Parenthood is so hard, and makes you feel everything in extremes. I’ve experienced new emotions, challenges, and triumphs. It’s made me empathetic to other people’s struggles, and I am much more forgiving of others and myself.
It’s also made me totally soft and I cry a lot more when writing and reading, so there’s that.
INTERVIEWER
Do you have any tips for time management, especially for moms who struggle with finding time to write?
ANTHES
I wish! I feel like answering this implies that I have figured out some trick to finding writing time, and I haven’t. I haven’t figured it out. I’m just doing my best.
But I will say that I have worked at realistic expectations for what I “should” be doing, and that starts with identifying the reasons I’m not writing. Am I not writing because I’m busy with family, work, and teaching? OK, maybe this isn’t the season in which I’m meant to write a lot.
Or am I not writing because I feel guilty that I “should” be doing something else? I’ve learned to throw that guilt out and write. Ask for help. Surround yourself with people who will help you guard your time. My partner values my writing as much as I do, and he helps me guard my writing time. I know that it is a privilege to have a partner like mine who is my equal partner in life and in childcare. I know that childcare is a struggle for many. That’s real.

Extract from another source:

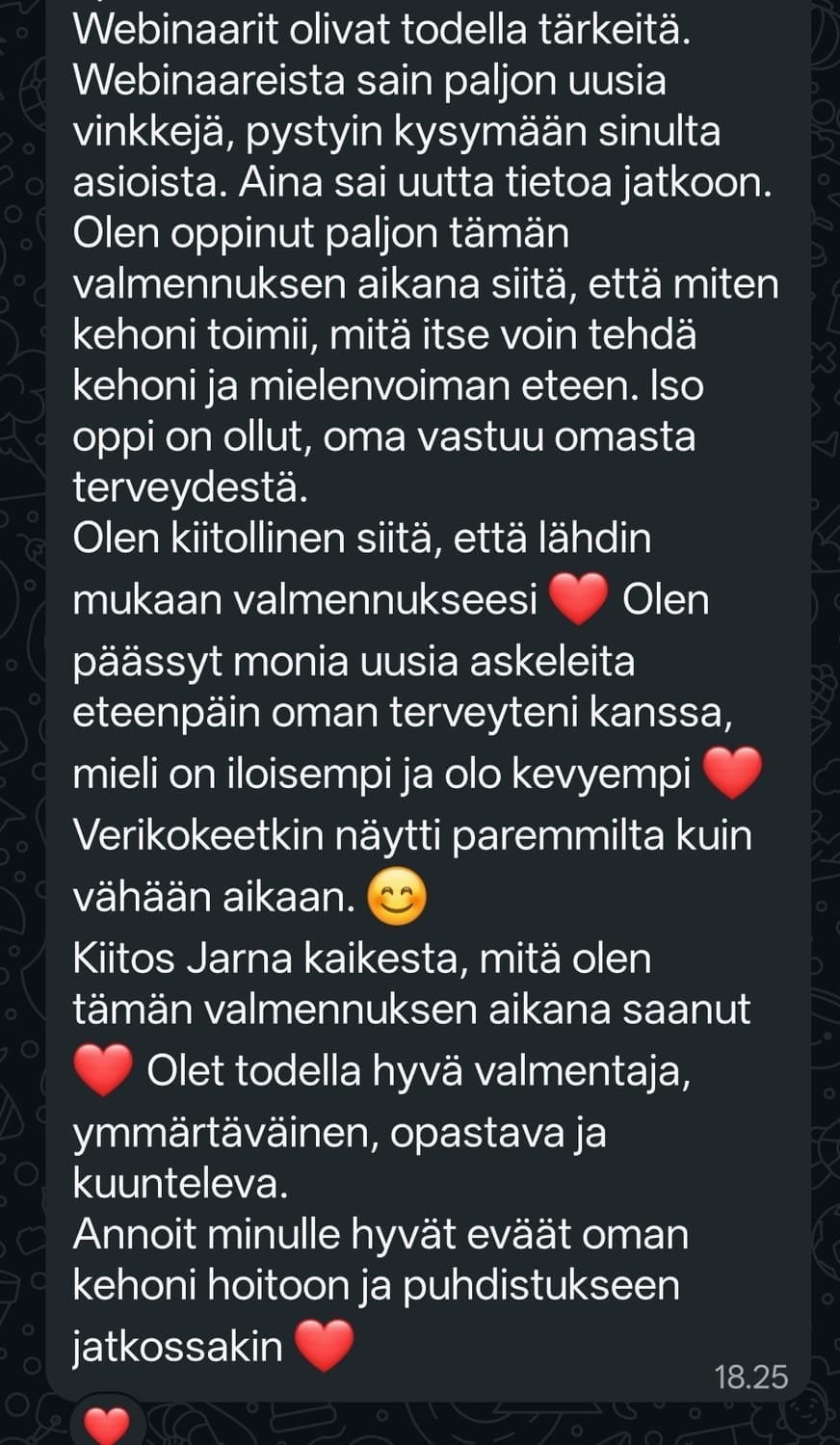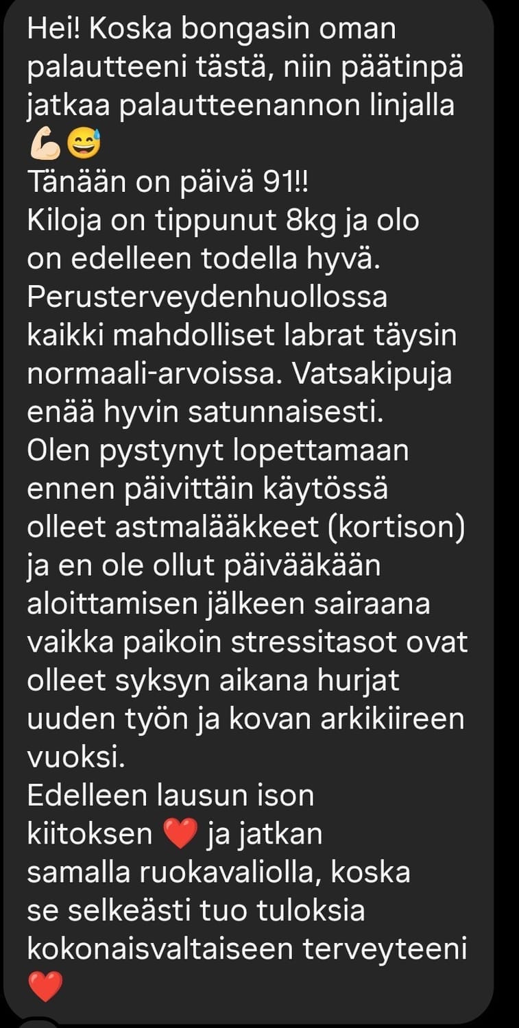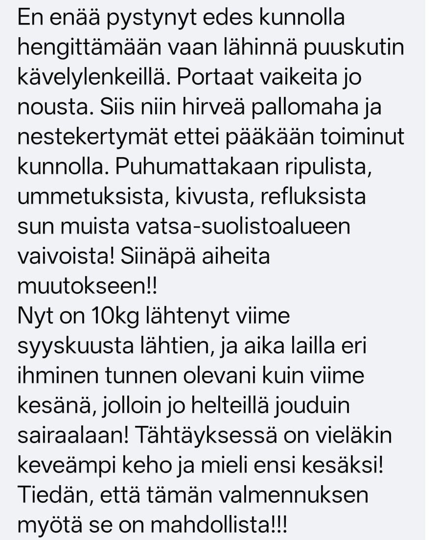 Ymmärrät paremmin, mitä kehossasi tapahtuu ja miksi. Ohjaus on yksilöllistä, mutta helposti toteutettavaa askel kerrallaan.

Time is what it is; it’s there or it isn’t. If the time is not there because you have a life outside of your writing, you don’t have sustainable childcare, or you have other needs that take precedence, forgive yourself and know that writing isn’t going anywhere. That season will come. If the time isn’t there because you’re doing too much, start saying no. If the time is there and you’re not using it, then look at what you’re doing instead, decide what you need right now to feel happy – if that’s writing, then set some boundaries to get it done.
INTERVIEWER
What’s next for you, in terms of your writing?
ANTHES
I am finishing up the final draft of my novel that I’ve been working on for approximately one thousand years. I am hoping to have it done in the next three months and then start querying agents. In between those edits and reading for Lost Balloon, I’ll probably keep writing tiny dark flashes (when I find the time).